Each person is shown wearing their military uniform in a formal picture. A second inset picture shows them in an informal setting, with family or enjoying a favorite hobby.
“We want them to be remembered because that’s how we keep them alive,” Hachmeister said.
Sheila and her husband Ken Hachmeister of rural Natoma have two sons serving in the military. Jared is a 2017 graduate of the U.S. Naval Academy currently stationed in Pensacola.
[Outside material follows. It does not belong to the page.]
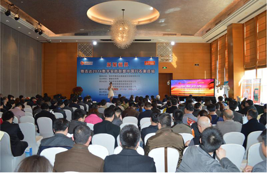 在石家庄最繁华的CBD商业中心,氤氲在省博物馆、省图书馆、国际博览中心的科技文化氛围中,具有石家庄最高楼之称的希尔顿酒店耸立其中。3月20日的希尔顿酒店贵客盈门,由深圳市雅迅达液晶显示设备有限公司独家冠名,慧聪安防网主办,深圳市佳信捷技术股份有限公司、深圳市优特普科技有限公司、深圳市国祥安科技发展有限公司协办,名品世家(北京)有限公司赞助的“屏聚视界——雅迅达2014数字安防联盟中国行”首站在这里完美收官。来自河北省的系统集成商、工程商朋友十分给力,活动由原定的300人飙升到接近500人。

Seth is currently a West Point cadet at the U.S. Military Academy.
The Hachmeisters were in Philadelphia for the Army-Navy football game this last fall and happened to walk past the display at Independence National Park, on which they quickly found the picture of Bryan Nichols.
Hachmeister approached Fritz and asked how to get it to Plainville, a town with a population of just 1,500 people.
Nearly a year later, the memorial display and its entourage were escorted Thursday into Plainville by the American Legion Riders Chapter 173, Hays.
During her speech Friday, Hachmeister thanked all the Rooks County residents and many others who pulled together to host the event.
The memorial remained open 24/7 until the closing ceremony Sunday afternoon.
The Plainville stop was the first in Kansas (west of Kansas City) for the national display. It made its debut at the steps of the Lincoln Memorial in Washington, D.C. in the fall of 2017 and has so far traveled to 29 states.